### Task to complete
Return only the lines of the listing below that run from the line with "925 Sterling silver" through the line with "The ruby red", both ends included, exactly as written.

*** Records provided ***

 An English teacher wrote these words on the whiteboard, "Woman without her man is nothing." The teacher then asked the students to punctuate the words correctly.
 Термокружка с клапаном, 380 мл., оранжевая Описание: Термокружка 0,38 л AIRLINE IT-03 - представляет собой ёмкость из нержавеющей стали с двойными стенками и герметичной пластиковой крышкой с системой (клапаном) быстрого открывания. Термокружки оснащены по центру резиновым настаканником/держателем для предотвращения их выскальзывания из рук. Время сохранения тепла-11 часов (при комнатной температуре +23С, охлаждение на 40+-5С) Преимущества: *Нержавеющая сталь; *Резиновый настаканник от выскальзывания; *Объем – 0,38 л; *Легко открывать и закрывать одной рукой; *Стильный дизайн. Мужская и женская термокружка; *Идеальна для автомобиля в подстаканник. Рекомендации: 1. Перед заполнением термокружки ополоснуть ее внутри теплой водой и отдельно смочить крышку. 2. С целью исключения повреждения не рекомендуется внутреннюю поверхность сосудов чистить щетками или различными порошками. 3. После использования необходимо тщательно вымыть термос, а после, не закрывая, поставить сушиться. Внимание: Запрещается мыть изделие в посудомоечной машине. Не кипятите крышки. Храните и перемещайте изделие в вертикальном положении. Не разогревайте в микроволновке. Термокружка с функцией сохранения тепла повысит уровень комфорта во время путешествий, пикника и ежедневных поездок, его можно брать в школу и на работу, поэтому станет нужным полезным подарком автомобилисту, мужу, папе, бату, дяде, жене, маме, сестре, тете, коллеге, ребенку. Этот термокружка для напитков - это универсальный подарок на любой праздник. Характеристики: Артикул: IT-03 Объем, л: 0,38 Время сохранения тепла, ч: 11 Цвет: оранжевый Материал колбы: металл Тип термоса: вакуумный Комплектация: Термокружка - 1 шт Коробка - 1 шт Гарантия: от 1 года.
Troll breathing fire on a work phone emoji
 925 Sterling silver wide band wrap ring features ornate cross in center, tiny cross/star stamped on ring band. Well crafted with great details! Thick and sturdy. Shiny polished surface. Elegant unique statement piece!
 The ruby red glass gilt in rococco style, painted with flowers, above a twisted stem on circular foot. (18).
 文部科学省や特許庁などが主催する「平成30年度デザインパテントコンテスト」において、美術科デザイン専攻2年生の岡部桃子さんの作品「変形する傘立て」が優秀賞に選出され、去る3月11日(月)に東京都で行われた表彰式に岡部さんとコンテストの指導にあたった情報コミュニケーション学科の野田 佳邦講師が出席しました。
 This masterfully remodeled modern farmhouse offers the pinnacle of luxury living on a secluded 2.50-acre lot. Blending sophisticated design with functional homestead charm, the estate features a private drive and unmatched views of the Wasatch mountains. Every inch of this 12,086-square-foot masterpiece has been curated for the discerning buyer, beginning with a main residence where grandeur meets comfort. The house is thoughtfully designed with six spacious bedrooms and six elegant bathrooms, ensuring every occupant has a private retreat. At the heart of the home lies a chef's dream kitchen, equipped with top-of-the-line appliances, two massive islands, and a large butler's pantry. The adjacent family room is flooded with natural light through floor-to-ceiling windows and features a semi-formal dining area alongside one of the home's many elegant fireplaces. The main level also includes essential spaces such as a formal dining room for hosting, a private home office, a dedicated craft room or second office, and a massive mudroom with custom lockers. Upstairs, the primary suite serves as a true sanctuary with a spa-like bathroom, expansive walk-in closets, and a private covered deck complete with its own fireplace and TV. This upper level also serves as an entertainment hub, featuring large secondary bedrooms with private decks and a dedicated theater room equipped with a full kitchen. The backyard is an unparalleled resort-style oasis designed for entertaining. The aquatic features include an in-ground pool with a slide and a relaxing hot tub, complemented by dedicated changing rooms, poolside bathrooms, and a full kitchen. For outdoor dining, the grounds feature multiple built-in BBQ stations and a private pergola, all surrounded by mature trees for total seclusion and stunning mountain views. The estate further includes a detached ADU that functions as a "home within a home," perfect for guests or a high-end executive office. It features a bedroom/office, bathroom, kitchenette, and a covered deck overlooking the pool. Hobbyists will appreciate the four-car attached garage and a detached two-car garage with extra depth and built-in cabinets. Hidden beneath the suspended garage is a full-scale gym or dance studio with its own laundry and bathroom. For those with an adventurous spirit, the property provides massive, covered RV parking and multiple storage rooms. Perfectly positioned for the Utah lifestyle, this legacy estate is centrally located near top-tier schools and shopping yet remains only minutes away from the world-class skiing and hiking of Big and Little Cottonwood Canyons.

*** End of Records provided ***
*** Records provided ***

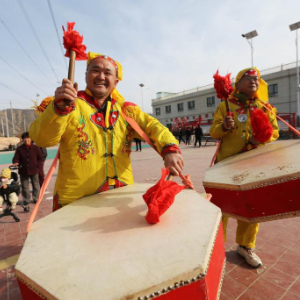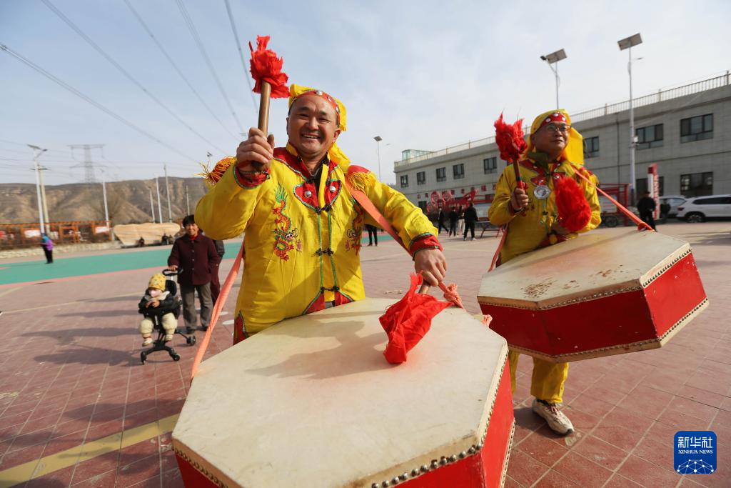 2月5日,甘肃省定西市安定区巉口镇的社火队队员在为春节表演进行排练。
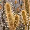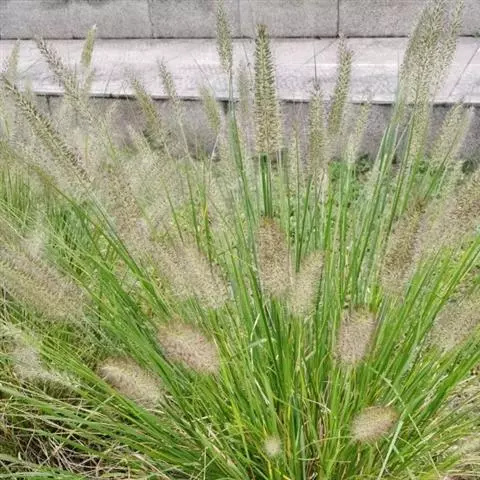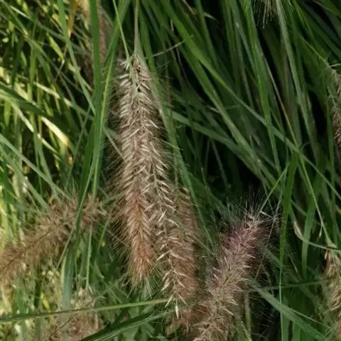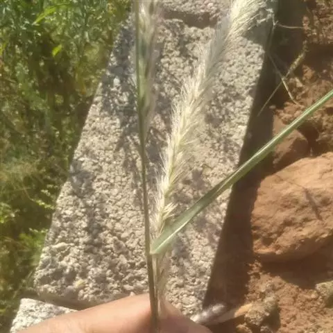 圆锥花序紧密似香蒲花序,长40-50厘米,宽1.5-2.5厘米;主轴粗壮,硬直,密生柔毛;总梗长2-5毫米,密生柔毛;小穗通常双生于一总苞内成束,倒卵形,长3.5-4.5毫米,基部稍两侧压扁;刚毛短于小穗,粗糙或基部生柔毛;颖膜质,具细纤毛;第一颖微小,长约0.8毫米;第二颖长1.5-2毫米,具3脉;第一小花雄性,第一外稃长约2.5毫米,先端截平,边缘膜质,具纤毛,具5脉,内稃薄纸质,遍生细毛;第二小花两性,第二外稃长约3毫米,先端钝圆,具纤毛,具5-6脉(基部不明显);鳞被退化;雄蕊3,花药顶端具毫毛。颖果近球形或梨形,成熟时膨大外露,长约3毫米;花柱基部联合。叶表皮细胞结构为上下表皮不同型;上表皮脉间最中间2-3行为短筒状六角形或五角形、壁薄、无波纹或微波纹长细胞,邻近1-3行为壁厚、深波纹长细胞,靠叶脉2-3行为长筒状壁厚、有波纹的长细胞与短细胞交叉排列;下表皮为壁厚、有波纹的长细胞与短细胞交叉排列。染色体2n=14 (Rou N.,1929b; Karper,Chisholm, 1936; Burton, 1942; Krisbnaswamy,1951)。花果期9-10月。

*** End of Records provided ***
*** Records provided ***

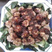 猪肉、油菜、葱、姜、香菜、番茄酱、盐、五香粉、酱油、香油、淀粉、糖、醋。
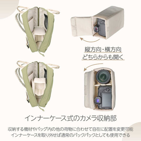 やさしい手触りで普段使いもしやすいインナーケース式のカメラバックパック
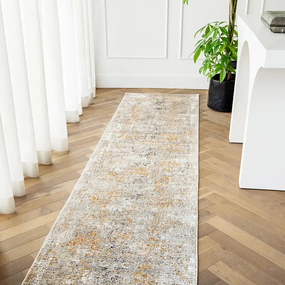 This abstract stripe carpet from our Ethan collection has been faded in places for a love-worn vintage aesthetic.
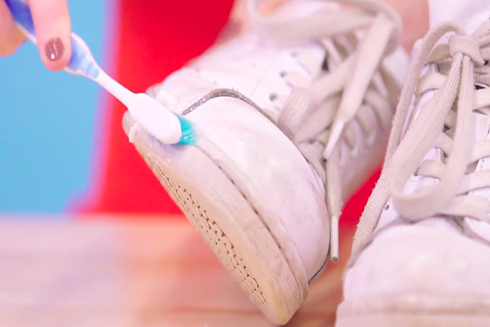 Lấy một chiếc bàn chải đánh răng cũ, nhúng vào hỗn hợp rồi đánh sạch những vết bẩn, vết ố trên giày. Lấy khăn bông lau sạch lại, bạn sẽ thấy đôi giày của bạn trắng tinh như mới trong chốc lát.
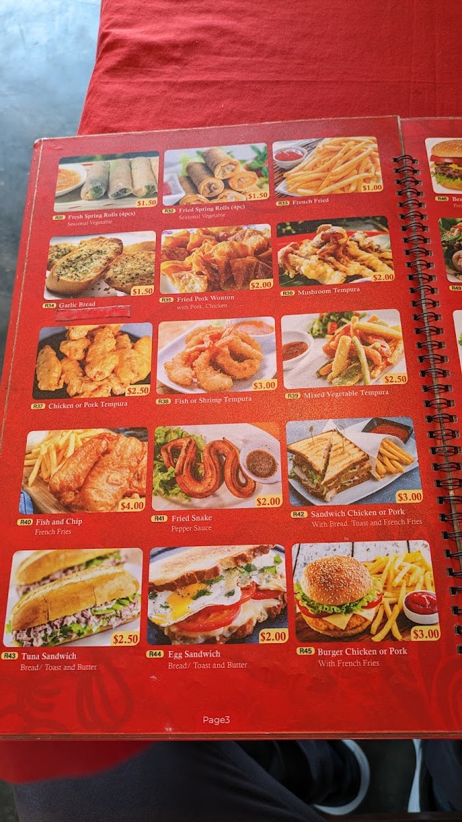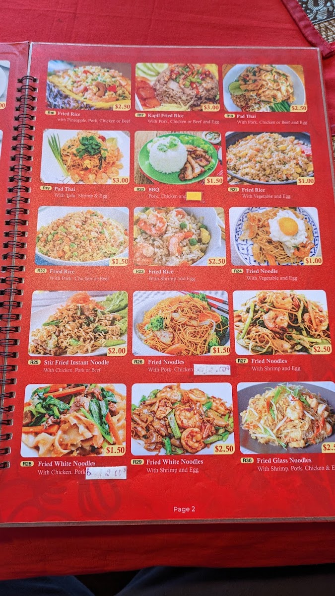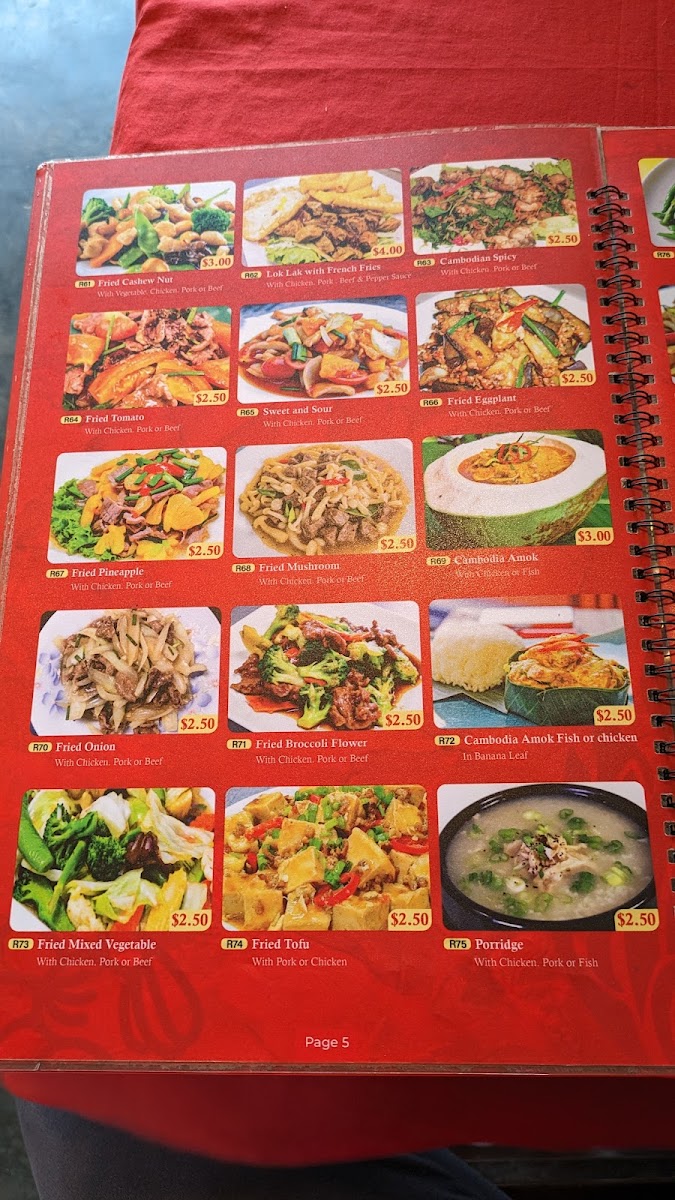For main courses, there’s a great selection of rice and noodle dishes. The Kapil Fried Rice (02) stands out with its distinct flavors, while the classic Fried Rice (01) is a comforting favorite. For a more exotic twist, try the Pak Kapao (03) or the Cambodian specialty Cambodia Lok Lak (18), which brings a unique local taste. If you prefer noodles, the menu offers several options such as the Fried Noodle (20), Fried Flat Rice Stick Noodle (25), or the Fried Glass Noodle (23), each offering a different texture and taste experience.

*** End of Records provided ***

### Answer space
 925 Sterling silver wide band wrap ring features ornate cross in center, tiny cross/star stamped on ring band. Well crafted with great details! Thick and sturdy. Shiny polished surface. Elegant unique statement piece!
 The ruby red glass gilt in rococco style, painted with flowers, above a twisted stem on circular foot. (18).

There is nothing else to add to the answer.